WhatsApp is currently working on developing an in-app speech recognition and automatic transcription system for the iOS app’s voice message feature, according to WhatsApp Beta Info, the publication that broke the news earlier this month.
In response to WhatsApp Beta Info’s report, WhatsApp has since confirmed that the function is currently in the very early stages of development. The introduction of an in-app transcription feature is a major upgrade for the app, as WhatsApp users currently must use third-party apps to transcribe voice messages in the app.
As WhatsApp Beta Info reports, users will have to opt-in to the automatic transcription function. Voice messages will be processed and transcribed using speech recognition systems developed by Apple, rather than WhatsApp’s parent company Facebook.

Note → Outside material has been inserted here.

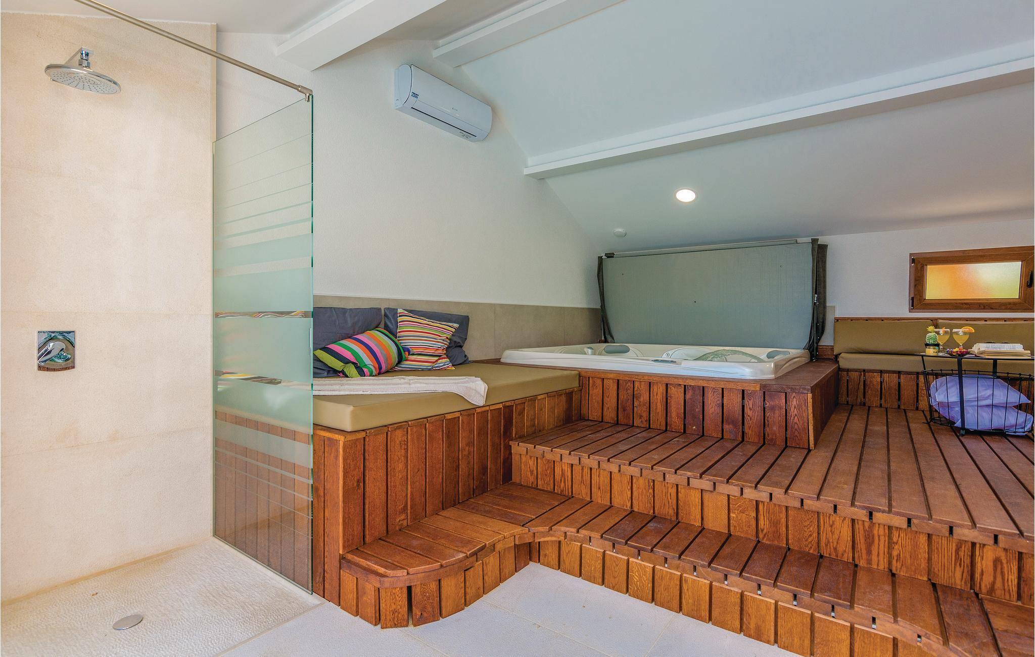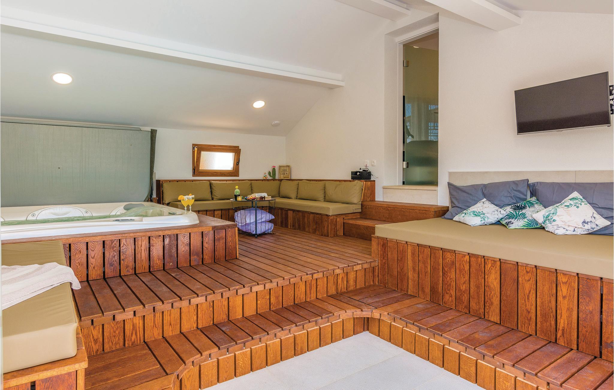 Moderne feriehus med pool og smuk udsigt til det grønne landskab og havet. Et ideelt feriemål for familier eller grupper af venner da huset rummer tre separate lejligheder. I stuen ligger en lejlighed med fire soveværelser, mens der ovenpå ligger to lejligheder med hhv. to soveværelser. Ydertrapper, laveste loftshøjde ca. 180 cm. Fra terrasserne i overetagen har I panoramaudsigt til havet, mens poolen med solsenge, grill og endnu en overdækket terrasse ligger i stuen, samt en konoba, et rum hvor I kan slappe af og hygge jer sammen. I underetagen, med adgang af en udendørs trappe, er der også et rum hvor der er billardbord samt et andet med en whirlpool. Tag også på rafting på floden Zrmanja eller på safari i Velebit-bjergene.

According to WhatsApp Beta Info, data will be used to refine and improve Apple’s speech recognition software. WhatsApp stated that end-to-end encryption will protect user data, in order to ensure each user’s privacy; voice messages will not be linked to a user’s identity.
Once a voice message has been transcribed, the transcription will be saved to the user’s device, so users can view the same transcription multiple times, without having to “re-transcribe” a single voice message. Additionally, the transcription feature will also allow users to skip to specific parts of a voice message simply by tapping on a given word.
Currently, it appears that WhatsApp is only developing the function for iOS users. WhatsApp Beta Info noted that there are no indications that transcription will be made available for Android users.
While voice messages will not be processed using software developed by Facebook, WhatsApp’s parent company has also been involved in speech recognition developments of its own as of late.
Earlier this summer, Facebook announced the development of wav2vec-Unsupervised, an artificial intelligence system that doesn’t utilize any pre-transcribed speech to develop speech recognition models. This capability is particularly notable as it allows for the creation of speech recognition or transcription models for languages that have not been heavily researched by phoneticians or computational linguists, making the software more accessible for these languages.